Personnel protection strategy for healthcare workers in Wuhan during the COVID-19 epidemic.

Objective: To identify the effectiveness of a personnel protection strategy in protection of healthcare workers from SARS-CoV-2 infection. Design: During the COVID-19 pandemic, 943 healthcare staff sent from Guangzhou to Wuhan to care for patients with suspected/confirmed COVID-19 received infection precaution training before their mission and were equipped with Level 2/3 personal protective equipment (PPE), in accordance with guidelines from the National Health Commission of China. We conducted a serological survey on the cumulative attack rate of SARS-CoV-2 among the healthcare workers sent to Wuhan and compared the seropositive rate to that in local healthcare workers from Wuhan and Jingzhou.
Results: Serial tests for SARS-CoV-2 RNA and tests for SARS-CoV-2 immunoglobulin M and G after the 6-8 week mission revealed a zero cumulative attack rate. Among the local healthcare workers in Wuhan and Jingzhou of Hubei Province, 2.5% (113 out of 4495) and 0.32% (10 out of 3091) had RT-PCR confirmed COVID-19, respectively. The seropositivity for SARS-CoV-2 antibodies (IgG, IgM, or both IgG/IgM positive) was 3.4% (53 out of 1571) in local healthcare workers from Wuhan with Level 2/3 PPE working in isolation areas and 5.4% (126 out of 2336) in healthcare staff with Level 1 PPE working in non-isolation medical areas, respectively. Conclusions and relevance: Our study confirmed that adequate training/PPE can protect medical personnel against SARS-CoV-2.

Introduction

The novel coronavirus SARS-CoV-2, associate disease, COVID-19, has evolved as a major pandemic in less than three months because of the highly infectious nature of the virus and the current intensive social interaction which favors transmission of the virus. Such an explosive pandemic has created unprecedented stress on the healthcare system globally. Protecting healthcare workers is critical for functioning of the system and to prevent the workers serving as a vector for disease transmission.

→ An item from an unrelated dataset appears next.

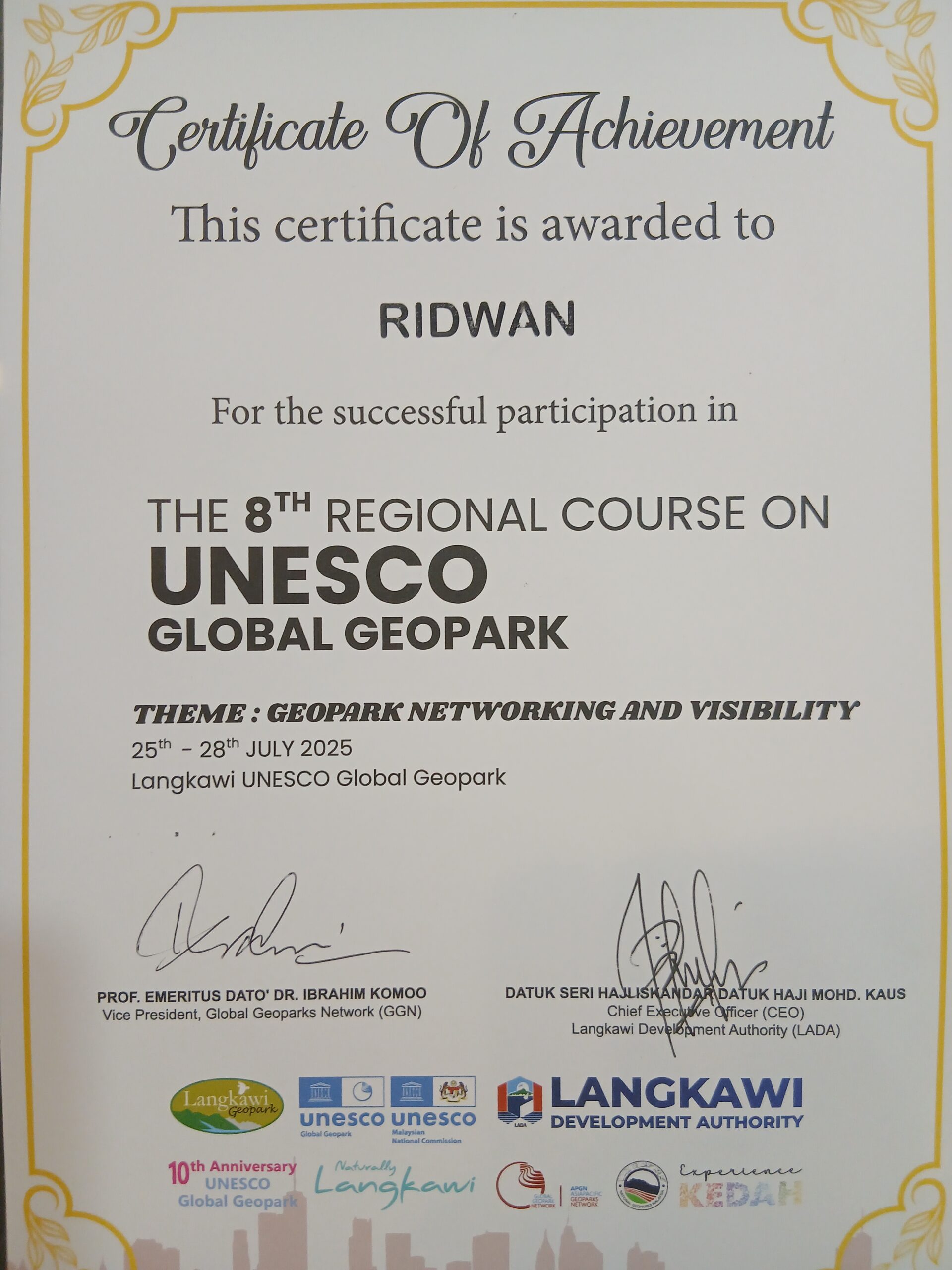 Sign in Welcome! Log into your account your username your password Forgot your password? Get help Password recovery Recover your password your email A password will be e-mailed to you. REGIONAL COURSE ON UNESCO GLOBAL GEOPARK 25 July 2025 Author: Bp-Geopark Ranah Minang Silokek Category: EDUCATION Share Facebook Twitter Pinterest WhatsApp REGIONAL COURSE ON UNESCO GLOBAL GEOPARK 25-28 JULY 2025 Bp-Geopark Ranah Minang Silokek Read More Related Articles Geotourism Geotourism Geotourism Geotourism CELEBRATING INTERNATIONAL GEODIVERSITY DAY 2025 CELEBRATING WORLD TOURISM DAY 2025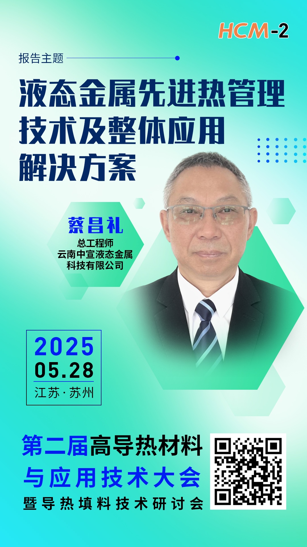 2025年5月28日,中國粉體網將在江蘇·蘇州舉辦“第二屆高導熱材料與應用技術大會暨導熱填料技術研討會”。屆時,我們邀請到云南中宣液態金屬科技有限公司總工程師蔡昌禮出席本次大會并作題為《液態金屬先進熱管理技術及整體應用解決方案》的報告。本報告將聚焦中宣液態10余年來在液態金屬熱管理領域的技術沉淀(特別是液態金屬熱界面材料領域相關技術),詳細講述中宣液態金屬相關產品以及整體解決方案,并對液態金屬熱管理技術的應用前景和發展方向進行展望。

Although China is a major supplier of personal protective equipment (PPE), the impact of COVID-19 initially created a critical shortage of PPE.[1] The National Health Commission of China has previously issued technical guidance for prevention of airborne transmission diseases in healthcare facilities with three hierarchical levels of personal protection in 2017, which were further updated for prevention of the spread of COVID-19 in February 2020.[2,3] A Chinese expert panel also reported a consensus on personal protection in medical institutions during the COVID-19 epidemic.[4]

The efficacy of such measures, however, was never tested in a real pandemic situation until COVID-19. During the pandemic, the sudden surge in demand for healthcare called for unprecedented initiatives. China was building new temporary hospitals within 10 days and a large number of healthcare workers were called to Wuhan. Here, we describe the logistics behind some of the personnel efforts and whether or not the personnel protection strategy was effective.

Methods

Study design and participants

We enrolled a total of 8529 healthcare workers, including medical teams aiding Hubei, local healthcare workers in Wuhan and Jingzhou of Hubei Province. Employees in the participating hospitals, including those without direct patient care responsibilities, were invited to take a serological test for antibodies against SARS-CoV-2 and to submit a self-report of gender, age, division, occupation, history of confirmed COVID-19, and history of working in the isolation area for COVID-19 management . The serologic survey was performed between 20 March and 15 April 2020. The Medical Ethics Committee of Nanfang Hospital approved the study and all participants signed the consent form.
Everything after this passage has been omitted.